I have data that is related via a many to many relationship and I want to find all items that are related to each other and give them a unique id.
My example data is listed below:
PolicyId PersonId
1 1000
1 1001
2 1001
3 1000
4 1002
2 1003
5 1003
4 1004
My desired output would either be
PolicyId PersonId GroupId
1 1000 1
1 1001 1
2 1001 1
3 1000 1
4 1002 2
2 1003 1
5 1003 1
4 1004 2
or
PolicyID GroupId
1 1
2 1
3 1
4 2
5 1
PersonId GroupId
1000 1
1001 1
1002 2
1003 1
1004 2
Do you have any suggestions on how to do this efficiently?
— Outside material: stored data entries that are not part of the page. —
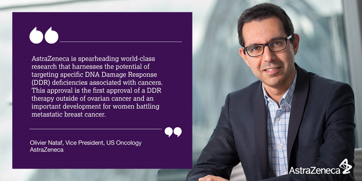 Dave Fredrickson, Executive Vice President, Head of the Oncology Business Unit, AstraZeneca, said: “This new approval for LYNPARZA makes it the first and only PARP inhibitor approved in metastatic breast cancer, and the only PARP inhibitor approved beyond ovarian cancer. This is significant for breast cancer patients, as the identification of BRCA status, in addition to hormone receptor and HER2 status, becomes a potentially critical step in the management of their disease.”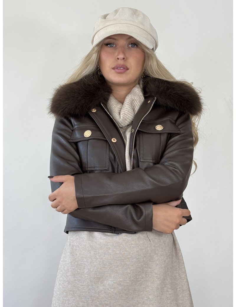 accueil Veste perfecto simili cuir choco/beige Dalia Perfecto en simili cuir choco avec col fausse fourrure beige Fermeture tirette + boutons Coupe : ample Couleur : choco + beige intérieur... Chocolat 89,00 € Prix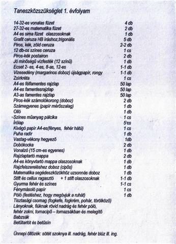 Gondolom, a szli rtekezleten kiosztott taneszkzlista segtsget ad. Ha valami krdsk lenne, nyugodtan rjanak.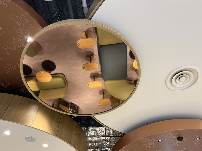 店舗の天井には遊び心いっぱいの鏡も!子どもたちの好奇心を誘います。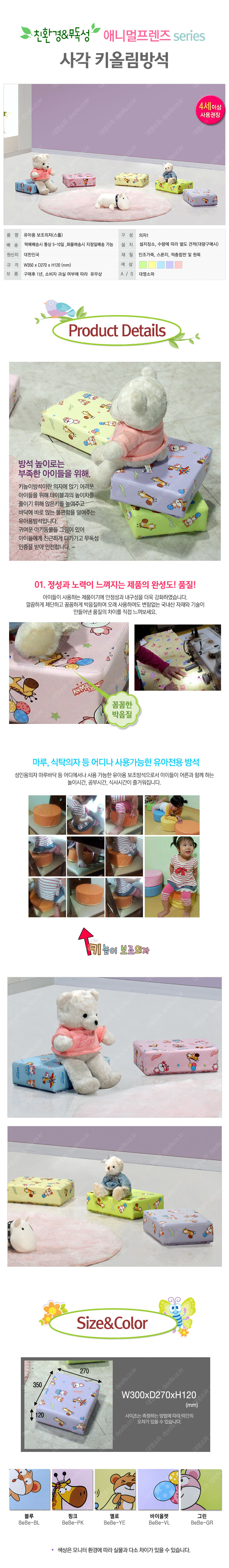 애니멀프렌즈 사각 유아용 키올림방석/색상별

I have managed to code this using a Macro, which for each policy, finds all related persons, then for each person, recursively calls the macro again for all related policies (that have not been assigned a GroupId already). This works ok for a small number of values, but I have 1.9m observations in my dataset, so it performs very slowly. There a some performance gains by calculating the cases where they is only one-to-many relationship between Policy and Person in a separate step, i.e. Policy 4 above would not be passed to the macro. This means the number I'm checking reduces to about 174K.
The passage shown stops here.